New COVID Sub-Variant of Omicron In India Maybe Alarming, Says Expert

As a roller coaster continues for the number of COVID cases in India, an Israeli expert said that a new sub-variant of Omicron found in India could be dangerous.

The new sub-version of Omicron BA 2.75 has been detected in about 10 Indian states. According to an Israeli expert, this type can be dangerous” in nature. However, the Indian health ministry is yet to officially confirm the detection of the subversion in the country.

In a series of tweets, with
the Central Virology Laboratory at Sheba Medical Center in Tel Hashomer, Dr Shay Fleishon said 85 sequences from eight countries have so far been uploaded to NextStrain, an open-source platform for genomic data.

It includes 69 from India: Delhi (1), Haryana (6), Himachal Pradesh (3), Jammu (1), Karnataka (10), Madhya Pradesh (5), Maharashtra (27), Telangana (2), North Pradesh (1), and West Bengal (13).

Besides India, tensions have also been reported by seven other countries: Japan (1), Germany (2), the UK (6), Canada (2), the US (2), Australia (1), and New Zealand (2). ), according to NextStrain data. “So far none of the broadcasts based on scenes outside India has been tracked,” Fleation wrote on Twitter.

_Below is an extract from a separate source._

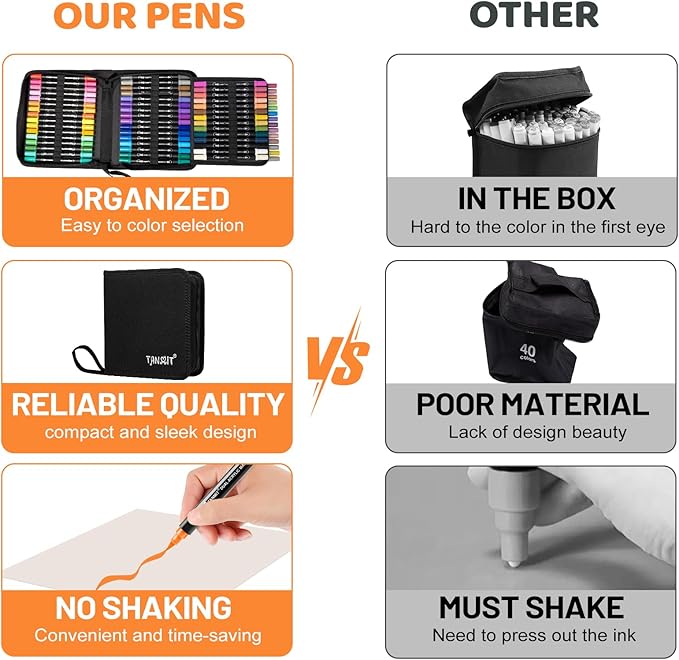 - VIBRANT COLORS: This complete set of TANMIT dual Tip acrylic markers comes with 60 unique and vibrant color options to choose from, rich primary and complementary colors with no duplicates, and each color goes with the corresponding number on the pen for easy identification and organization, making it easy for you to choose exactly the right color every time. A variety of colors allows you to let your imagination run wild and have unlimited creative possibilities~

While he added that it is “too early to tell” whether BA.2.75 will be the next major version, he added that the subversion “could be dangerous as it could signal an upcoming trend”. Fleischer explained that in recent months, second-generation variants based on the Omicron sub-lineages have been trending, namely BA.1, BA.2, BA.3, BA.4, and BA.5.

It was based on the Omicron lineage with mutations in the S1 segment of the spike protein and specifically in the part of the spike protein that the virus uses to attach to and gain entry to cells. However, the increase observed in these sub-variants is “at a level that is not seen in other variants of concerns in the second generation variants”.

Furthermore, so far these second-generation variants have been found within a region only in a few cases. This is the first time the second-generation version of Omicron has spread to multiple regions. “The fact that such a distinct second-generation version could be successful inter-hosted is worrying. This means that even if BA.2.75 will not succeed, and even if it will, so will the second generation over time.” Could be better,” Fleishon said.

The sub-version is worth “keeping a close eye on”, said Imperial College London scientist Thomas Peacock on Twitter.

BA.2.75 was also flagged off by the Bloom Lab at the Fred Hutch Research Institute in the US.

In a tweet posted this week, the institute said the sub-version “is worth tracking, as it has appreciable antigenic changes relative to its parent BA.2”. The lab pointed to two mutations as key: G446S and R493Q.

“G446S is one of the most potent escape sites by antibodies elicited by current vaccines that still neutralize BA.2. So for immunity from vaccines or early infections, adding G446S to BA.2 will reduce neutralization,” said Lab.

“However, G446S will have less effect on antibodies from people with prior BA.1 breakthrough infection. Therefore, the antigenic advantage of BA.2.75 relative to BA.2 will be most pronounced in people who have not had BA.1 exposure, It said.

It means that “BA.2.75 will have an antibody escape that is identical to BA.4/5 concerning current vaccines”. The R493Q mutation, on the other hand, increases the virus’s ability to bind to ACE2 – the protein that the COVID virus uses to enter cells.